In his resignation letter, Scotten, a U.S. Army vet who clerked for conservative Chief Supreme Court Justice John Roberts and Justice Brett Kavanaugh, told Bove he’d have to find another “fool” t o ask the court to throw out the case.

“[Any] assistant U.S. attorney would know that our laws and traditions do not allow using the prosecutorial power to influence other citizens, much less elected officials, in this way,” Scotten wrote.

“If no lawyer within earshot of the President is willing to give him that advice, then I expect you will eventually find someone who is enough of a fool, or enough of a coward, to file your motion. But it was never going to be me.”

After the Justice Department filed its dismissal motion, Adams filed his own, asking Ho to get rid of the case for good. He claimed the widely reported letters by Sassoon and Scotten had destroyed whatever presumption of innocence he had left.

The indictment handed up by a federal grand jury in September accused Adams of bribery, wire fraud, conspiracy, and two counts of soliciting contributions from foreign nationals for allegedly putting a price on his political influence starting more than a decade ago when he was Brooklyn borough president.

The case alleged that Adams accepted luxury travel and hotel stays worldwide from wealthy Turkish officials and businessmen and solicited illicit campaign donations from his foreign benefactors, which were funneled through U.S. citizens and maximized through the city’s public matching funds program.

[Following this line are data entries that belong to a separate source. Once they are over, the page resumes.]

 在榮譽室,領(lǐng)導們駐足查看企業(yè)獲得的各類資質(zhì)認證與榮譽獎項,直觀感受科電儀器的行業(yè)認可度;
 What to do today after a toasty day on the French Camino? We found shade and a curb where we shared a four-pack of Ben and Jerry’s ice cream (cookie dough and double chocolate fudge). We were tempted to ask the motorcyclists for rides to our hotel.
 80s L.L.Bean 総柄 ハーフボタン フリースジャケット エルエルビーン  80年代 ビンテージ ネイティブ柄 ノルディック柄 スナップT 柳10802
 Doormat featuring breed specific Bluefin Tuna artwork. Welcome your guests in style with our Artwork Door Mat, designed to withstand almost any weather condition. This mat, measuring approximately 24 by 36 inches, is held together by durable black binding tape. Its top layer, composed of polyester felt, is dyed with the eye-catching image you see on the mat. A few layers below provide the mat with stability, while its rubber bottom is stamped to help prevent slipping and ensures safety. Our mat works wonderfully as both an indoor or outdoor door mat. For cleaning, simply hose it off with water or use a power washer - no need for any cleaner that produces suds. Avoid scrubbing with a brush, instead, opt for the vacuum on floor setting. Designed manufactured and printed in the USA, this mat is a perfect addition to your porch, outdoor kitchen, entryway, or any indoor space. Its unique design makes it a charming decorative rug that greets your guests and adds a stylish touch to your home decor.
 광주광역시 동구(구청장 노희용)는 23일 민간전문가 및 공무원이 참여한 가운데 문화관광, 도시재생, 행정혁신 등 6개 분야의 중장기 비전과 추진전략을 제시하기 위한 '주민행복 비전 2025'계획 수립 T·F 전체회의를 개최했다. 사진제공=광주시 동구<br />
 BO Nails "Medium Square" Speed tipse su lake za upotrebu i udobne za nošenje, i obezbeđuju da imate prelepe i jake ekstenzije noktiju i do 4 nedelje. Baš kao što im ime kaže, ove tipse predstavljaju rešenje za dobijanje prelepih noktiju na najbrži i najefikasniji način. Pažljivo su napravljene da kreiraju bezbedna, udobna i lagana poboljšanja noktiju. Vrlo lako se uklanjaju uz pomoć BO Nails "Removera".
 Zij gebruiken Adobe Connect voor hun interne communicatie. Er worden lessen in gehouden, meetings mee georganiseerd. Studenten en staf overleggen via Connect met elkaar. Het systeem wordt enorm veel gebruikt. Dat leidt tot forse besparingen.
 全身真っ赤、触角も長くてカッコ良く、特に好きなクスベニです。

Prosecutors secured a guilty plea from Brooklyn real estate magnate Erden Arkan in January, who was expected to testify at the trial, in which he admitted organizing illegal donations for Adams in spring 2021 on the orders of the then-mayoral candidate. A former senior aide to the mayor, Mohamed Bahi, had also agreed to plead guilty to related charges before Trump’s Justice Department intervened.

The feds said trial evidence would have proven how Adams partly repaid the bribes by forcing former FDNY Commissioner Daniel Nigro to disregard safety concerns by prematurely opening a skyscraper in Midtown housing Turkey’s consulate in time for a visit by President Recep Tayyip Erdogan.